== Data provided

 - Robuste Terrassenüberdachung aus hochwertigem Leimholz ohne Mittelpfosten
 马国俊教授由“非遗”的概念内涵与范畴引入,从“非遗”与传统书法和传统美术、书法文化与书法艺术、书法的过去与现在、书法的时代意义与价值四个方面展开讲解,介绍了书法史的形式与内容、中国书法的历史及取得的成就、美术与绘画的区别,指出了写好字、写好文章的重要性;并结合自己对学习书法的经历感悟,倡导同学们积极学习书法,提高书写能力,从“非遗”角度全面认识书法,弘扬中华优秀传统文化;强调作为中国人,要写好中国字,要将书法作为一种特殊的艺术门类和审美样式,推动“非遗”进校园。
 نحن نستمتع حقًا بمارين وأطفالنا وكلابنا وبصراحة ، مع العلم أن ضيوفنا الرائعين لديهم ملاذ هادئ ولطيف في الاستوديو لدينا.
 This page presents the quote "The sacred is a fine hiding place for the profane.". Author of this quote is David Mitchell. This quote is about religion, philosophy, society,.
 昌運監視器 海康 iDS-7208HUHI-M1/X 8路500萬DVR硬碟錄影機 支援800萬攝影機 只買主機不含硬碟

====
== Data provided

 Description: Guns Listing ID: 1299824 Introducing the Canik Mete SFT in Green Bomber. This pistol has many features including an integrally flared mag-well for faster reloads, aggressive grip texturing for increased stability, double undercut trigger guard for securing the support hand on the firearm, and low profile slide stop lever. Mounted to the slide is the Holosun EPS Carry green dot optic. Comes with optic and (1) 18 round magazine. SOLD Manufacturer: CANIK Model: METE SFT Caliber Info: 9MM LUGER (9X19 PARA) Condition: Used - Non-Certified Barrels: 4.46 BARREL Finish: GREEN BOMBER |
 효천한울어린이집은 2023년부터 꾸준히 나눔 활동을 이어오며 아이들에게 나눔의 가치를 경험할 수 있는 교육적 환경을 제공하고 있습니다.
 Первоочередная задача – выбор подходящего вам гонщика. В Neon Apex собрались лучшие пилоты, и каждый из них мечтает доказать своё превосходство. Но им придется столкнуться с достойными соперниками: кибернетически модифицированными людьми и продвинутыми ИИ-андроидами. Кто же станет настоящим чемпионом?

====
== Data provided

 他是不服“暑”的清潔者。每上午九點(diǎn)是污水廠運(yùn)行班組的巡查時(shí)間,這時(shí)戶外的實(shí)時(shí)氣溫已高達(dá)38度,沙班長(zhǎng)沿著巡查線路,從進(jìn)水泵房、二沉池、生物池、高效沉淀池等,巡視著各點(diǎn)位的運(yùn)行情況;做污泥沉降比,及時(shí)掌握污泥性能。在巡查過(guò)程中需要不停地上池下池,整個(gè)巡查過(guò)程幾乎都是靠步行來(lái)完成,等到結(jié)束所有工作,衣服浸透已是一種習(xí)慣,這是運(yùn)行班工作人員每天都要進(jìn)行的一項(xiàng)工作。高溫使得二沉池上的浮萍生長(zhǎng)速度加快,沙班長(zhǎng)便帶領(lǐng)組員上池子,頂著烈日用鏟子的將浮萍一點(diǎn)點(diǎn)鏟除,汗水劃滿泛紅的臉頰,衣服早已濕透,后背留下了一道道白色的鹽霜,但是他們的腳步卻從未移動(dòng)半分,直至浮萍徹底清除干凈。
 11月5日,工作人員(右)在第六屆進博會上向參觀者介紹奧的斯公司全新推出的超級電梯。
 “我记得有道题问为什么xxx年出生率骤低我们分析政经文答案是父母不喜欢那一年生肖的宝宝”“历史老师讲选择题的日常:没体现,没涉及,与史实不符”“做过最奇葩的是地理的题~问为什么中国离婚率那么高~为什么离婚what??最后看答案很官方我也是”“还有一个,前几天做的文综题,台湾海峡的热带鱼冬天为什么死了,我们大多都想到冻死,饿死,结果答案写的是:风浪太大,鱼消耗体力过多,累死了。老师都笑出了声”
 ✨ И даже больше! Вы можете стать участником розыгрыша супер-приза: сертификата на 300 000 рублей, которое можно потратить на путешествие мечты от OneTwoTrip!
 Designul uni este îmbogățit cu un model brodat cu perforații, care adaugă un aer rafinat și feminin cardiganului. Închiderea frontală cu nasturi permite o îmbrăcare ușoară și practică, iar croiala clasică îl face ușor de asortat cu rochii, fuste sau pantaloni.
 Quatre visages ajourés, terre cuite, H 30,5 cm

====

Problem description: In the listing above, find the line containing "- Robuste Terrassenüberdachung" and the line containing "昌運監視器 海康 iDS-7208HUHI-M1/X", then retype both and every line between them exactly, with nothing else.

Result:
 - Robuste Terrassenüberdachung aus hochwertigem Leimholz ohne Mittelpfosten
 马国俊教授由“非遗”的概念内涵与范畴引入,从“非遗”与传统书法和传统美术、书法文化与书法艺术、书法的过去与现在、书法的时代意义与价值四个方面展开讲解,介绍了书法史的形式与内容、中国书法的历史及取得的成就、美术与绘画的区别,指出了写好字、写好文章的重要性;并结合自己对学习书法的经历感悟,倡导同学们积极学习书法,提高书写能力,从“非遗”角度全面认识书法,弘扬中华优秀传统文化;强调作为中国人,要写好中国字,要将书法作为一种特殊的艺术门类和审美样式,推动“非遗”进校园。
 نحن نستمتع حقًا بمارين وأطفالنا وكلابنا وبصراحة ، مع العلم أن ضيوفنا الرائعين لديهم ملاذ هادئ ولطيف في الاستوديو لدينا.
 This page presents the quote "The sacred is a fine hiding place for the profane.". Author of this quote is David Mitchell. This quote is about religion, philosophy, society,.
 昌運監視器 海康 iDS-7208HUHI-M1/X 8路500萬DVR硬碟錄影機 支援800萬攝影機 只買主機不含硬碟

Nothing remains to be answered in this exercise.